Jon Masters jonathan at jonmasters.org
Tue Sep 21 04:03:22 UTC 2010

On Mon, 2010-09-20 at 21:58 -0400, Arthur Pemberton wrote:
> 2010/9/20 Michał Piotrowski <mkkp4x4 at gmail.com>:
> > 2010/9/21 Toshio Kuratomi <a.badger at gmail.com>:
> >> As the concept of using third party repositories (both as packagers and as
> >> users) grows, this interdependence will grow.
> >
> > Ok, so maybe it's time to setup Fedora "backports" repo for these that
> > wants new and shiny Firefox 4, PostgreSQL 9 or whatever with big
> > number.

> What exactly is the fear here with these updates?

That they sometimes horribly break, change behavior (in any way), or
otherwise affect the smooth consistency of using a system and upgrading
daily, without actively discouraging upgrades for fear of breakage
(which is what Fedora has been doing for me, as an example).

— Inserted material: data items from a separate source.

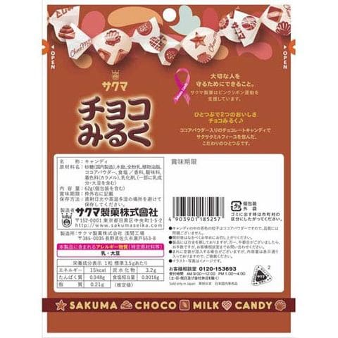 | 砂糖(国内製造)、水飴、全粉乳、植物油脂、ココアパウダー、食塩/香料、酸味料、着色料(カラメル)、乳化剤、(一部に乳成分・大豆を含む) |
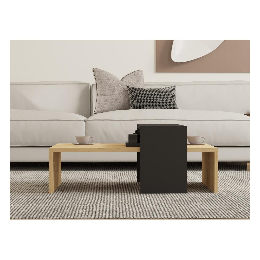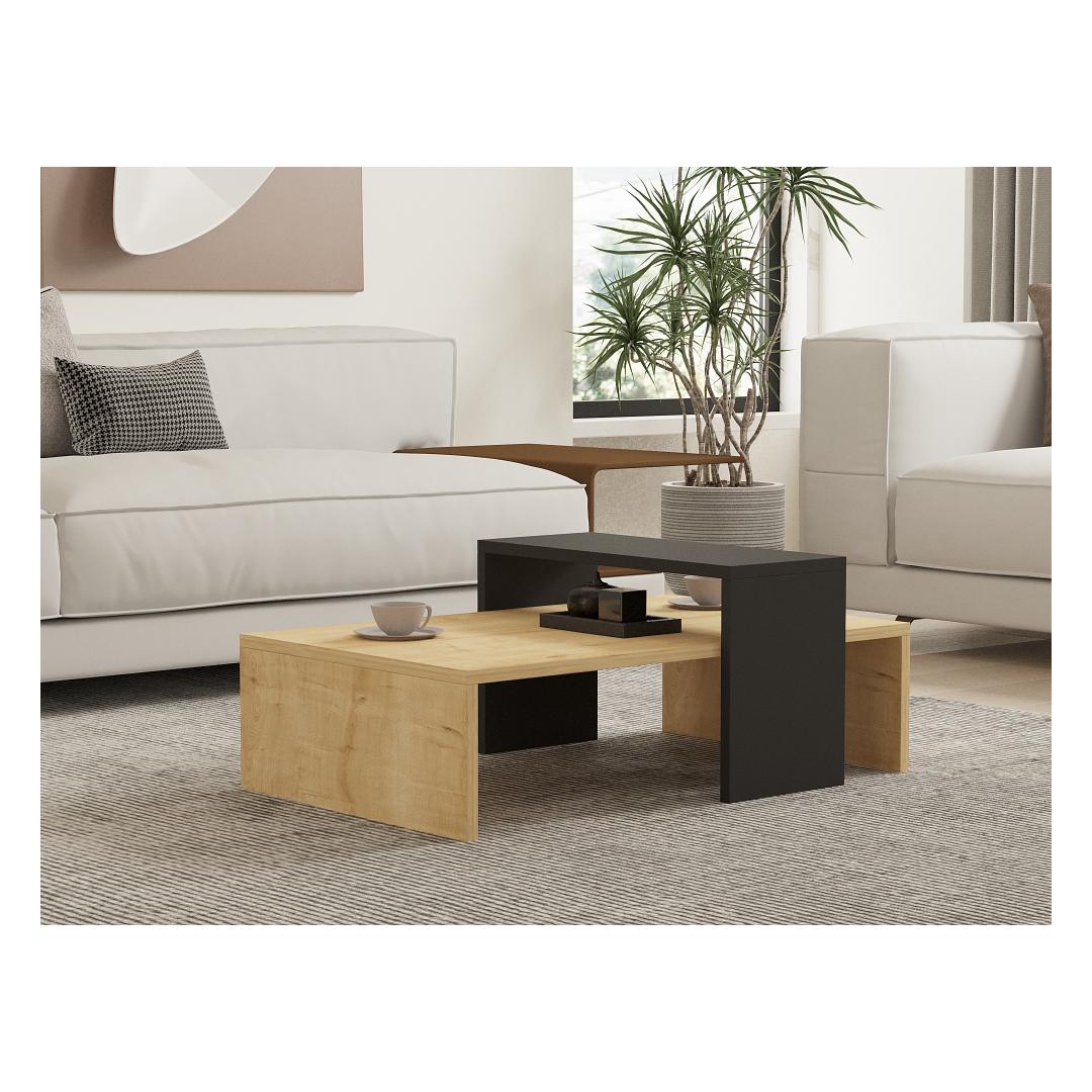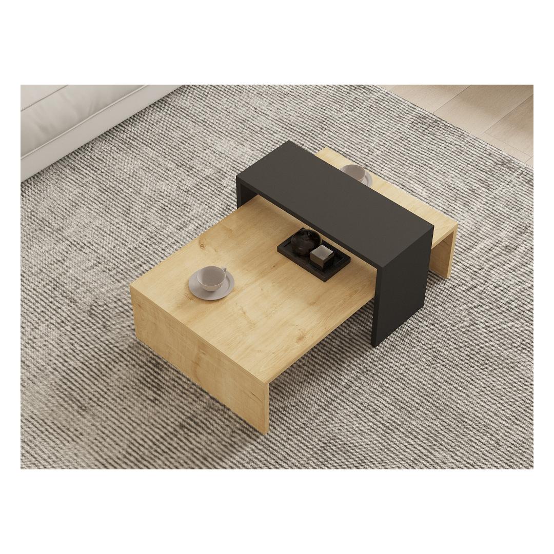Tutvustame meie uimastavat skandinaavia inspiratsiooniga kohvilauda, mis on loodud nii stiili kui ka funktsionaalsuse toomiseks teie eluruumi. See äärmiselt hoolikalt valmistatud kohvilaud on valmistatud 100% melamiiniga kaetud puitlaastplaadist, mis tagab vastupidavuse ja pikaealisuse. Selle elegantne ja modernne disain, milles on kombineeritud safiiri- ja antratsiitvärvid, parandab vaevata iga ruumi esteetikat.
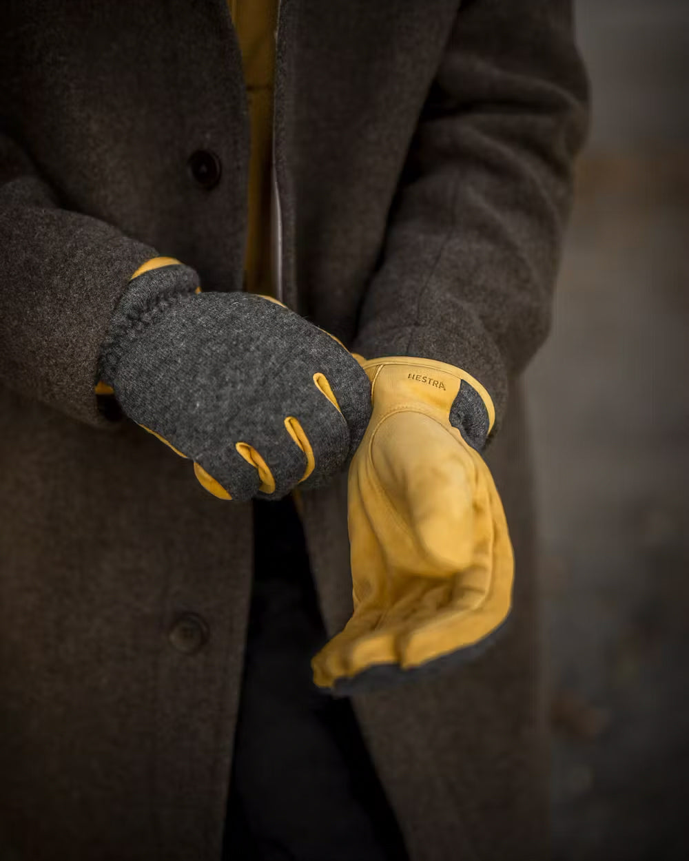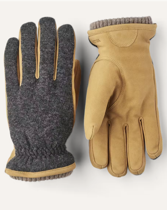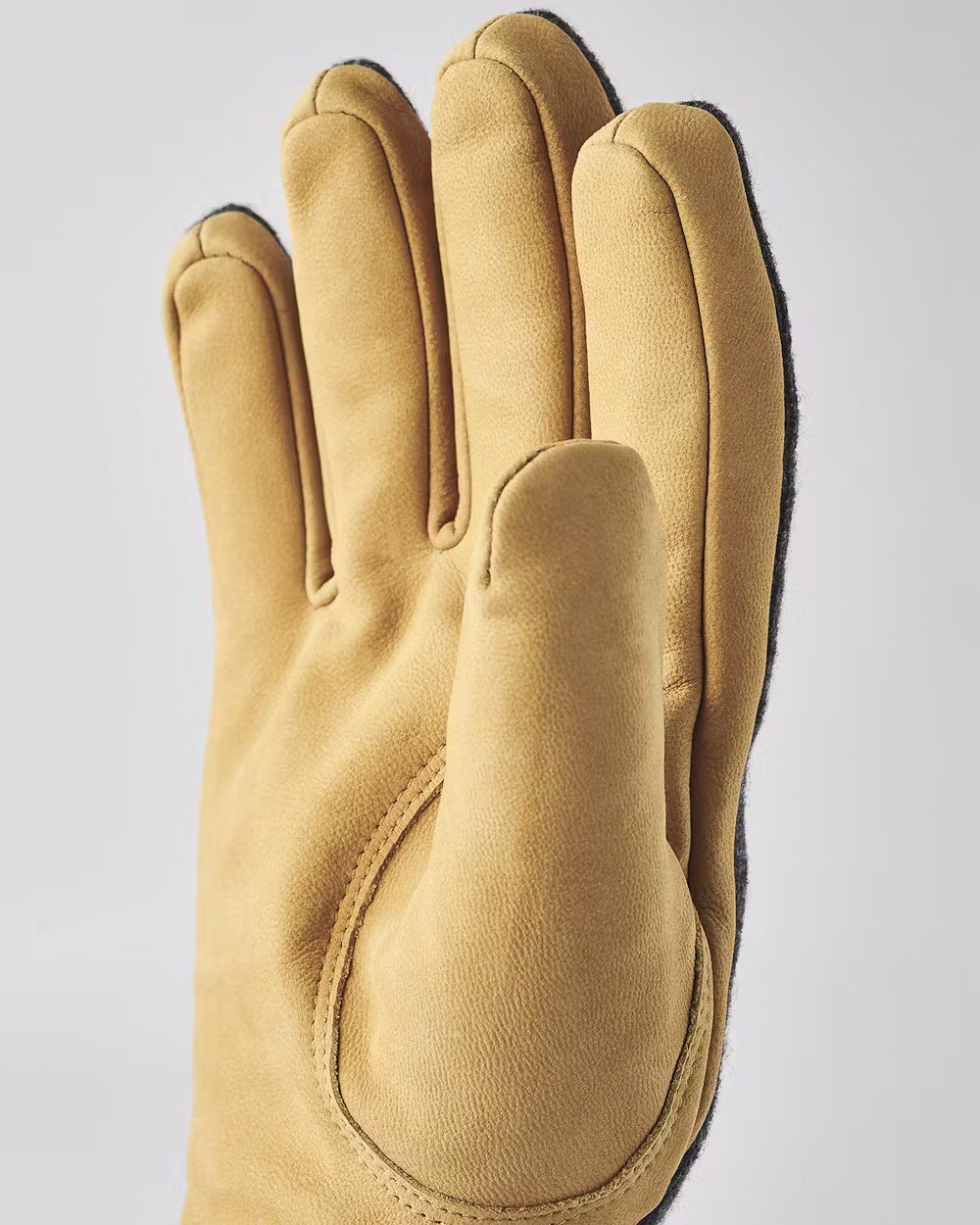 Timeless leather glove from Swedish Hestra, made of sturdy nubuck leather with a wool jersey upper, a warming everyday glove that is just as suitable for office days in the city as for free time in nature.
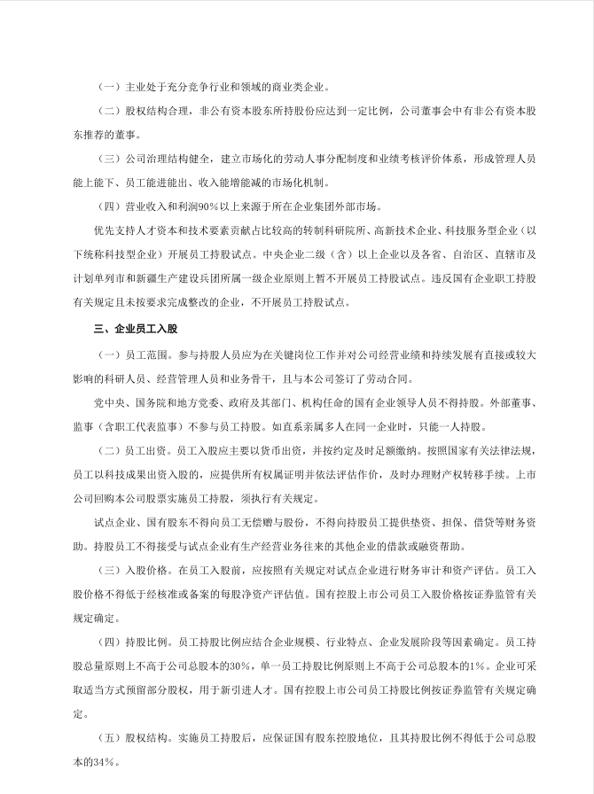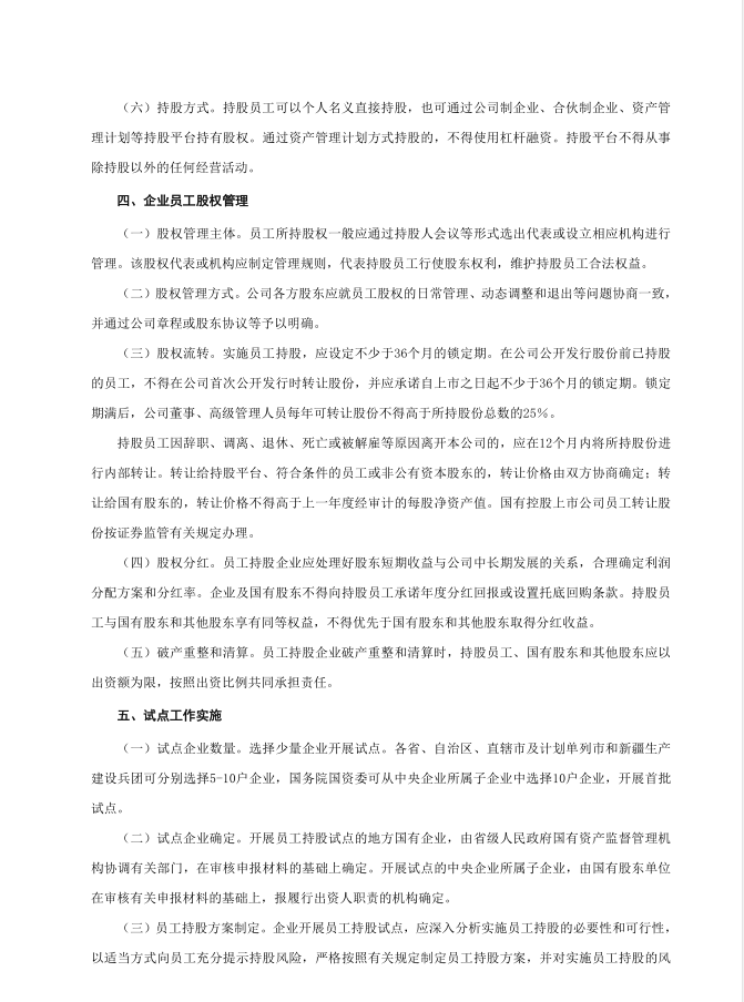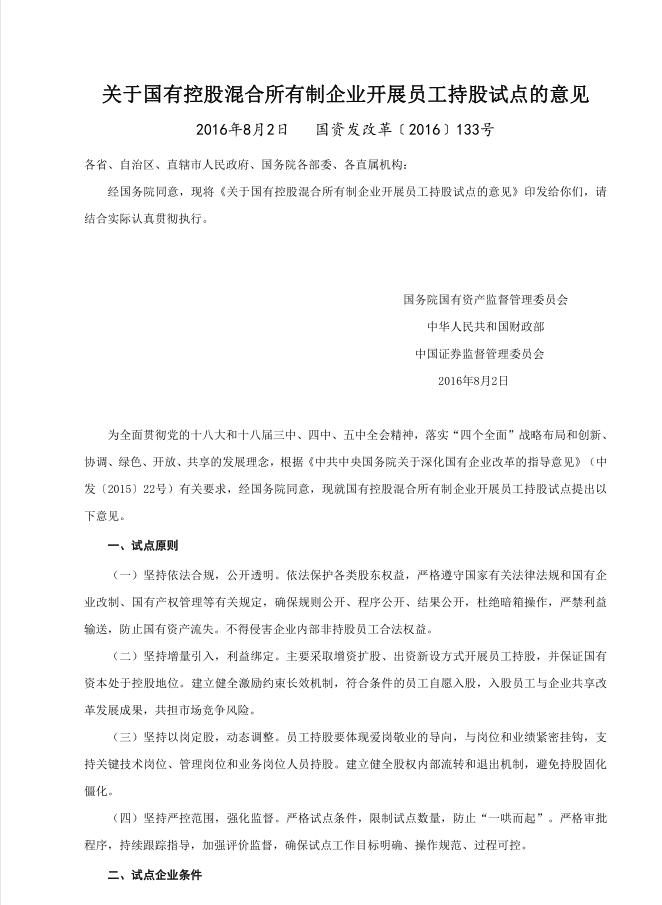 關于國有控股混合所有制企業開展員工持股試點的意見
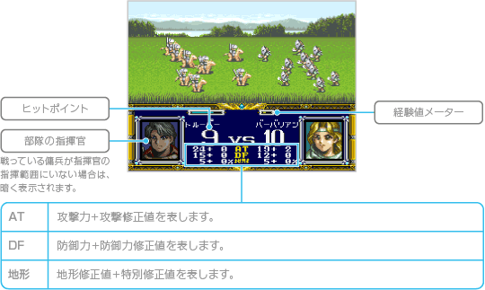 ユニットが攻撃を行うか、敵から攻撃を受けると攻撃画面になります。
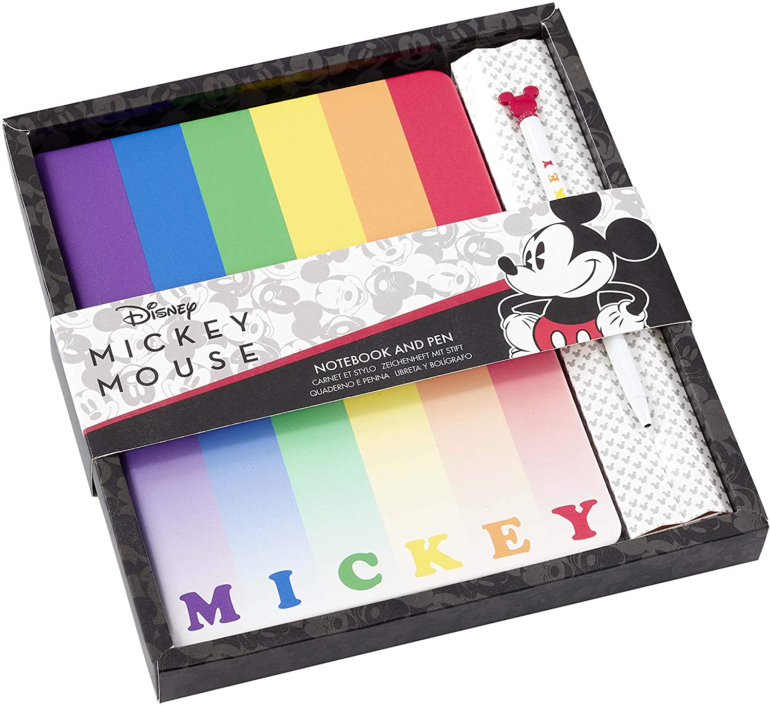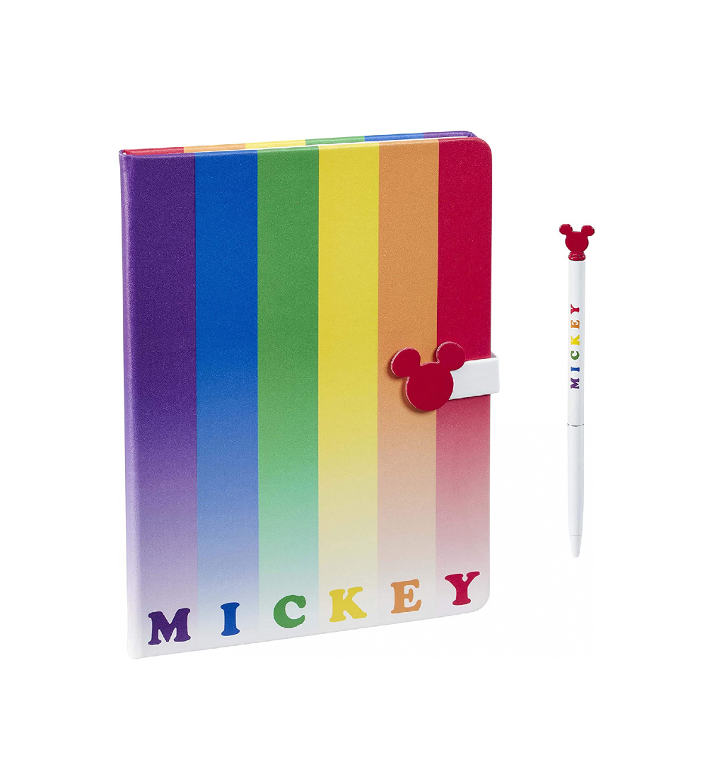 - Libreta tamaño A5 de tapa dura con rayas de arcoíris y el texto ''Mickey''
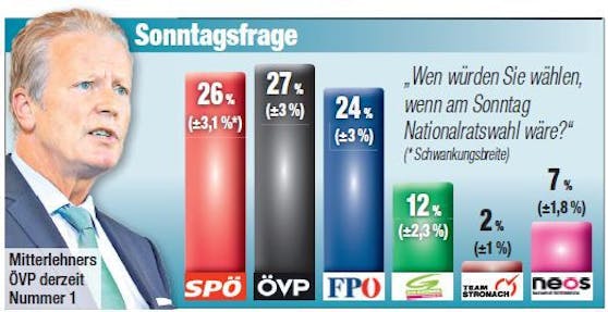 Die Koalition konnte mit der Steuerreform die FPÖ bremsen. Das zeigt eine Exklusiv-Umfrage von "Unique research" für "Heute" (800 Befragte).
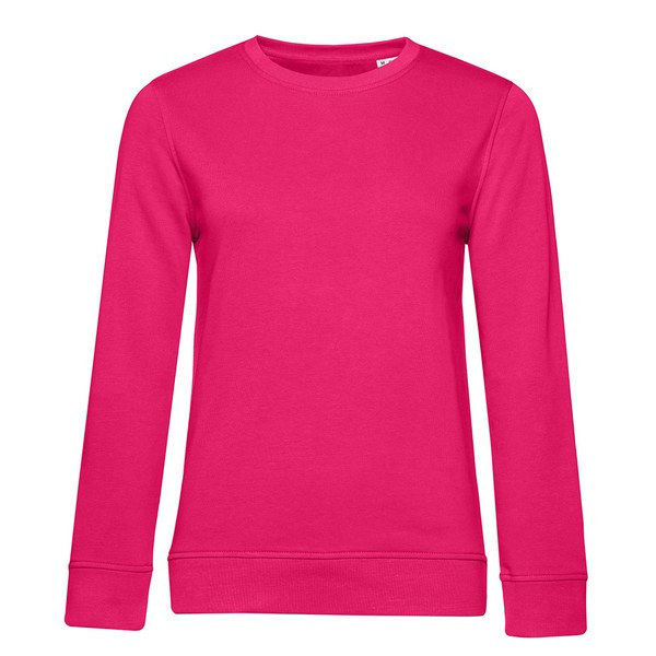Women's organic round neck sweatshirt made from OCS cotton and RCS polyester, offering a premium sustainable surface for bulk printing or daily wear. This BCW32B model is designed for eco-friendly comfort, featuring a blend of 80% OCS certified ringspun organic cotton and 20% RCS recycled polyester. The 280 g/m² weight provides a substantial feel while the unbrushed interior ensures breathable comfort throughout the day. The 100% cotton exterior is specifically engineered for high-quality customization, making it a reliable canvas for screen printing or embroidery. Designed with a feminine fit, it includes neat ribbing on the collar, cuffs, and waistline for a structured silhouette. Whether used as a high-quality blank for retail or customized for corporate events, this sweatshirt combines durability with environmental responsibility. The 'Hi! I'm Organic' label at the collar highlights its sustainable credentials for end-users. Available in sizes XS to 2XL, it supports diverse inventory needs for wholesale and bulk orders.
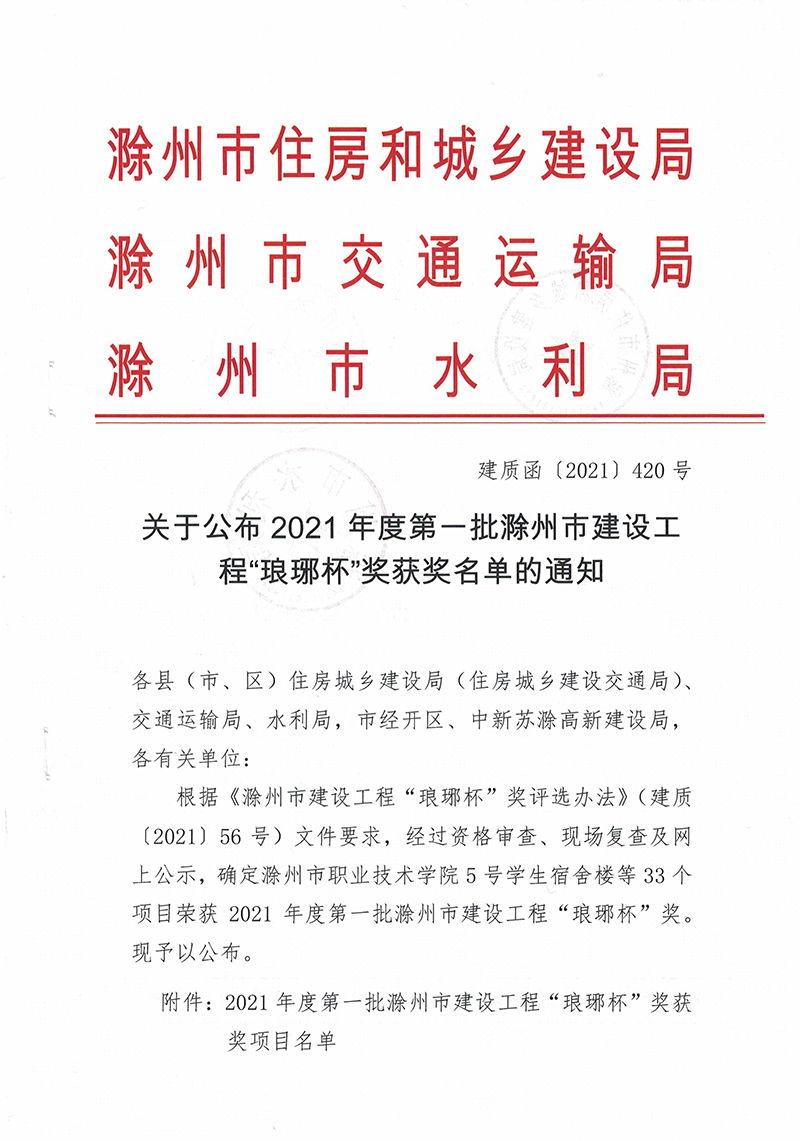 12月22日,安徽省滁州市住房和城鄉(xiāng)建設(shè)局、交通運(yùn)輸局、水利局聯(lián)合印發(fā)《關(guān)于公布2021年度第一批滁州市建設(shè)工程“瑯琊杯”獲獎(jiǎng)名單的通知》,安徽新建控股集團(tuán)承建的全椒縣站前路道路及火車(chē)站廣場(chǎng)改造工程榜上有名。

The fear is
also that people are not comprehending the difference between a released
Operating System Platform and a random collection of moving targets.

> Are there many
> desktop users who do NOT want the latest released Firefox?

Yup. I don't want it. I don't care about it and I'm uninterested in
having the latest version. I'd like the version I have currently
installed to get security fixes, but I don't want Firefox 4 on my
desktop system right now. I'll leave it on my development box running
rawhide and poke at it for testing, but I *DO NOT* want it released.

> Are there
> many people using Fedora as their OS for their database server?

If you mean does postgres matter, I've got an old non-Fedora box I'd
love to replace with Fedora, and it runs MySQL (amongst other things). I
can't replace it (using either database) until such time as Fedora has a
decent update policy though. So saying "nobody uses Fedora on the
server" is a sure fire way of perpetuating that sad reality.

I also care far more about server bits than I care about Firefox or my
desktop in general. I want a web browser, but I'll take any web browser
that works reasonably well enough. Similarly, I want a GUI of some kind,
but I don't care if it's enlightenment 0.17 if need be so long as it
doesn't ever change from one day to the next. I love the backports repo
idea. Ubuntu has been doing this for ages with their LTS releases, and
it's a nice way to pull in stuff like a more recent spamassassin without
having to upgrade the rest of the operating system, or change what works
out of the box in the default install path. So +1 to the idea in Fedora.